▶ [Records]:
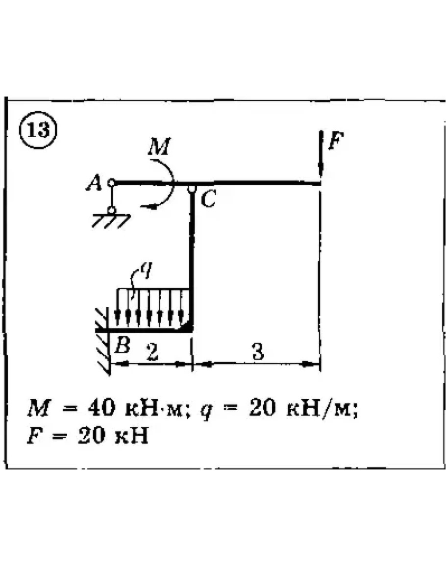 ЗАДАНИЕ С3 (стр. 23 в Диевском 2009 года): Для представленных на схемах 1-30 составных конструкций найти реакции опор. Размеры указаны в метрах. Весом элементов конструкций пренебречь.
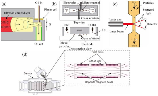 Schematic diagram of the wear debris monitoring techniques. (a) Acoustic-based ultrasonic-based oil debris sensor []; (b) electrical-based microfluidic capacitive Coulter sensor []; (c) optical-based light scattering wear debris sensor [,]; (d) magnetic-based Metalscan sensor [,].
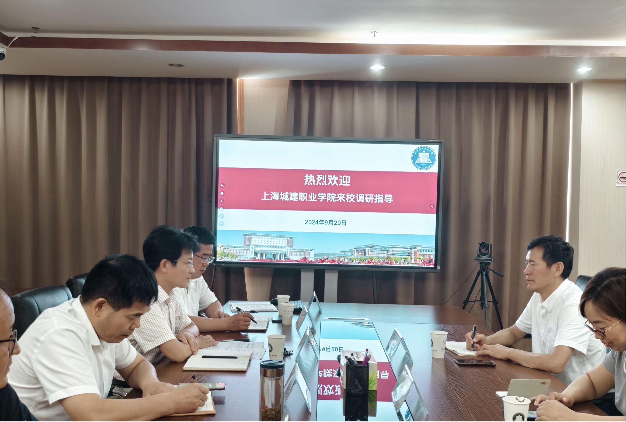 9月20日上午,上海城建职业学院党委委员、副院长淦爱品一行来Beat365,就人才培训、职业教育、产教融合、期刊建设等方面进行调研交流。Beat365党委委员、副校长苏有良,招生就业处副处长、校企合作办主任周多道,科技处副处长陈光锐、刘青陪同交流。
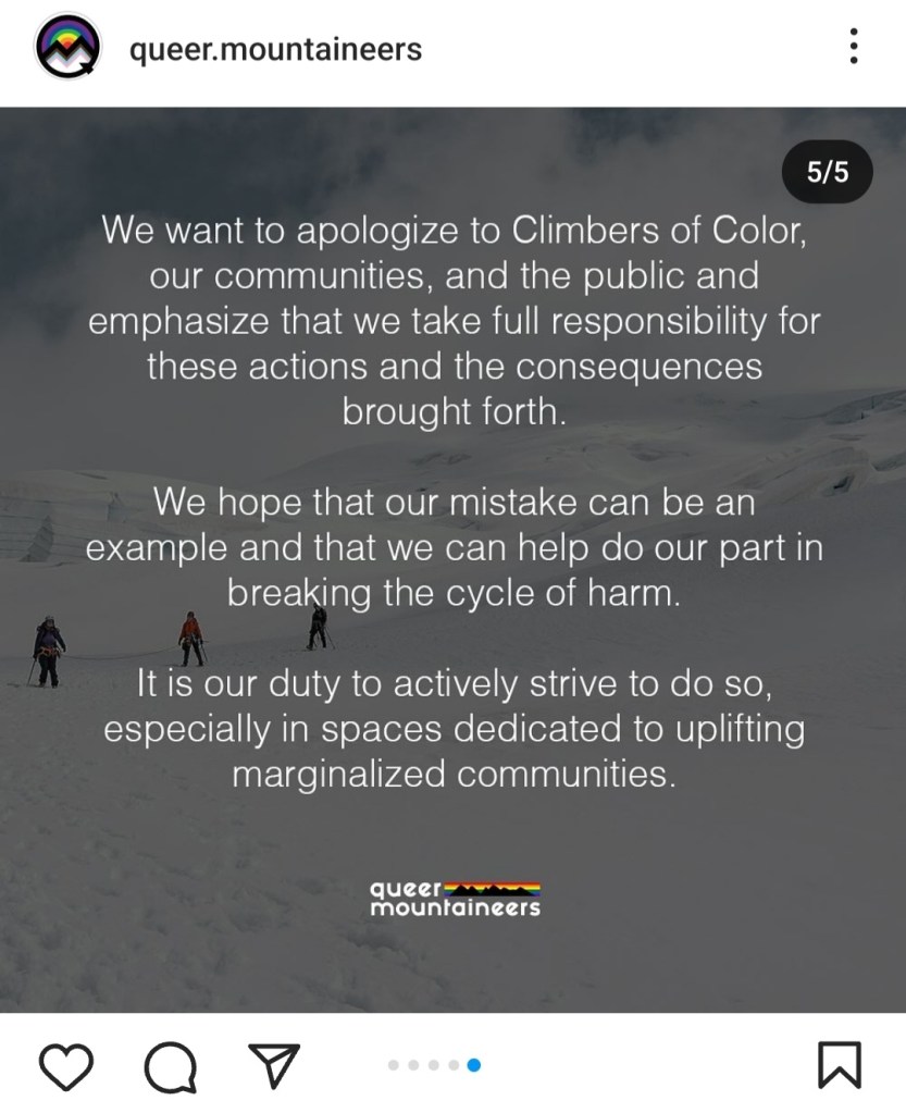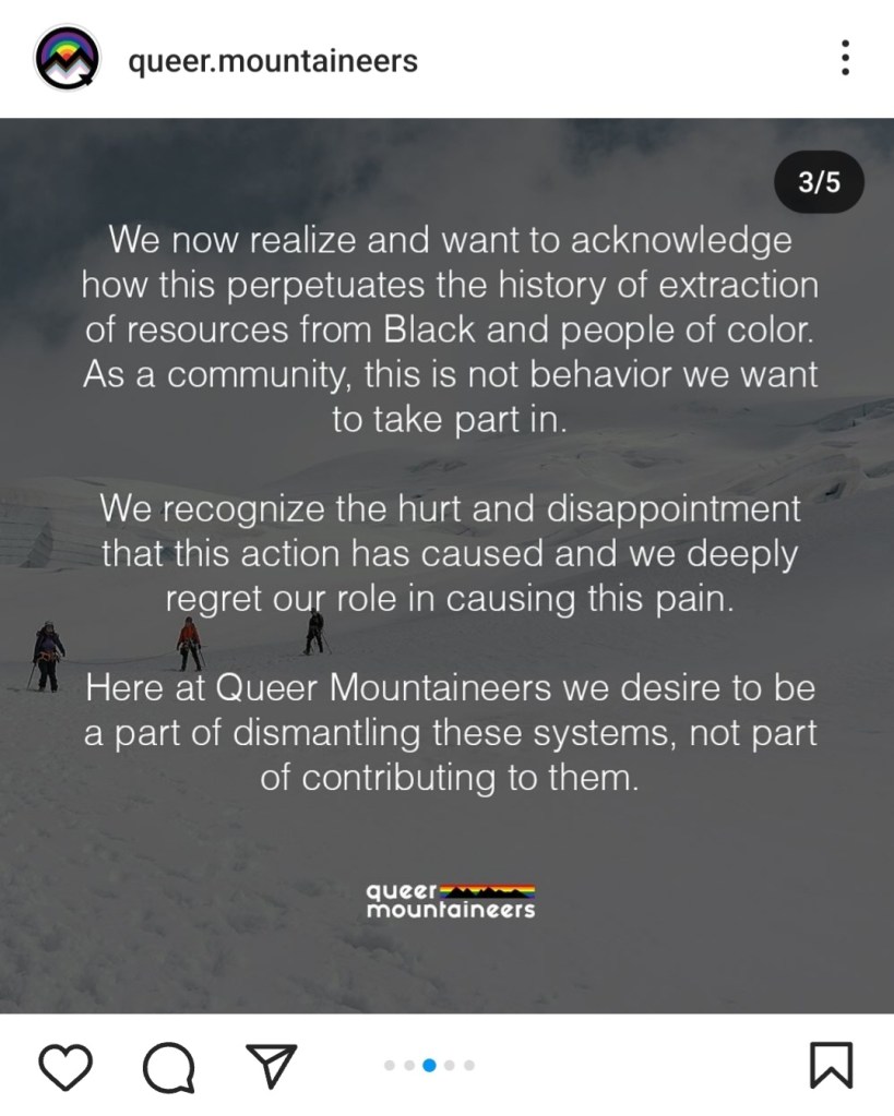 We now realize and want to acknowledge how this perpetuates the history of extraction of resources from Black and people of color. As a community, this is not behavior we want to take part in. We recognize the hurt and disappointment that this action has caused and we deeply regret our role in causing this pain. Here at Queer Mountaineers we desire to be a part of dismantling these systems, not part of contributing to them.
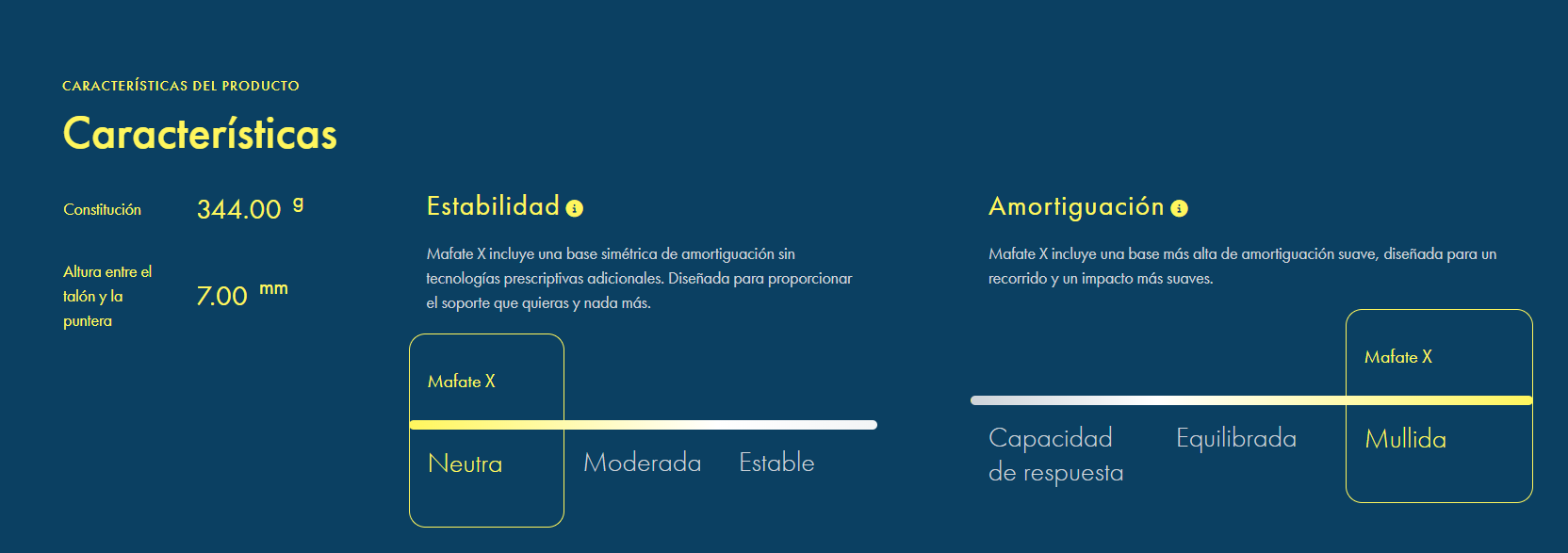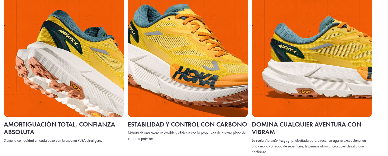 Máximo acolchado para las aventuras más exigentes. Ideales para quienes aman el trail, los senderos de grava y las carreras de ultrafondo. Abran paso al nuevo titán del trail. Las Mafate X, con un diseño para acompañarte en los mayores desafíos, ofrecen un excelente acolchado con un chasis de espuma de doble densidad, una capa superior de PEBA y mayor propulsión gracias a la placa de fibra de carbono bifurcada. Además, su empeine de tejido ultraligero facilita el drenaje, mientras que la suela Vibram® Megagrip con tacos garantiza una pisada suave en terrenos variables.

▶ [Task requirements]:
Within the entries above, the lines from the one containing "Schematic diagram of" through the one containing "9月20日上午,上海城建职业" are to be transcribed exactly, ends included, pictures excluded.

▶ [Response]:
 Schematic diagram of the wear debris monitoring techniques. (a) Acoustic-based ultrasonic-based oil debris sensor []; (b) electrical-based microfluidic capacitive Coulter sensor []; (c) optical-based light scattering wear debris sensor [,]; (d) magnetic-based Metalscan sensor [,].
 9月20日上午,上海城建职业学院党委委员、副院长淦爱品一行来Beat365,就人才培训、职业教育、产教融合、期刊建设等方面进行调研交流。Beat365党委委员、副校长苏有良,招生就业处副处长、校企合作办主任周多道,科技处副处长陈光锐、刘青陪同交流。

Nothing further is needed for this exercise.